At a first glance, many of the pieces appear to feature Gucci’s signature tone-on-tone “G- link” pattern—but, upon closer inspection, shoppers will notice that many of the G’s are, in fact, Balenciaga B’s.
The project was conceived jointly by Balenciaga’s creative director, Demna Gvasalia, and Gucci’s Alessandro Michele to explore “ideas of appropriation within the fashion industry,” according to the brands—and it will be undoubtedly popular amongst fashion lovers this holiday season.
At the Madison Avenue Balenciaga shop during the launch of the project (with the shop’s windows graffitied with ‘GUCCI’ in navy blue paint) crowds filled the space, some of them excited and aware of the collaboration, while others were confused about whether the store had truly been vandalized.
The graffiti artist Jack Greer additionally set up shop at the store to customize bags with a Magritte-inspired “THIS IS NOT A GUCCI BAG” message.
Of the collection, the British Vogue fashion critic Anders Christian Madsen said it may well be “the most bullet-proof merchandise of the social media-driven fashion era,” prodding at astute questions about how social media has allowed copycatting to become so pervasive. Indeed, what feels most original now—what retains shock value—is to break the rules so pointedly by invoking a cardinal fashion no-no: to allow heritage brand identities, histories, and symbols to mix. To look at this collection is to feel it is in some ways not real, or even, as Tora Northman put it in her piece for High Snobiety, “almost wrong.”

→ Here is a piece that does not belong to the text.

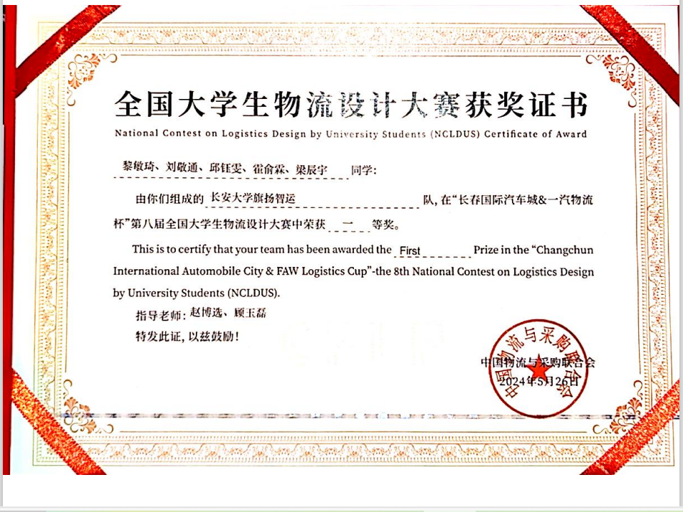 5月24-26日,“长春国际汽车城&一汽物流杯”第八届全国大学生物流设计大赛决赛在长春举行。由澳门太阳城赌场 物流工程系赵博选和顾玉磊老师指导的“长安大学旗扬智运队”荣获最高奖一等奖。
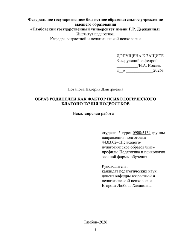 ПОТАПОВА, ВАЛЕРИЯ ДМИТРИЕВНА. ОБРАЗ РОДИТЕЛЕЙ КАК ФАКТОР ПСИХОЛОГИЧЕСКОГО БЛАГОПОЛУЧИЯ ПОДРОСТКОВ [Электронный ресурс]: бакалаврская работа: 44.03.02 Психолого-педагогическое образование: Педагогика и психология: Заочная форма обучения / В. Д. ПОТАПОВА; ТГУ им. Г. Р. Державина ; науч. рук. к. пед. н., доцент, Л. Х. Егорова. — Электрон. текстовые дан. (1 файл). — Тамбов, 2026. — Загл. с титул. экрана. — <URL:https://elibrary.tsutmb.ru/dl/docs/vkr18785.pdf>.

That was exactly why Michele and Gvasalia brought the collection to life—to push our ideas of fashion past surface-level codes.
“I love logos because they often make my job so much easier,” Gvasalia said in an interview with British Vogue about the Hacker Project.
“I like to have fun turning them upside-down and in every direction, but one really needs to put in a bit more intellectual effort than considering a logo to be a fashion tool—especially in the context of my work. It is about building a silhouette, engineering an attitude and posture into a garment, and creating a signature style. Real fashion is way deeper than a logo on its surface.”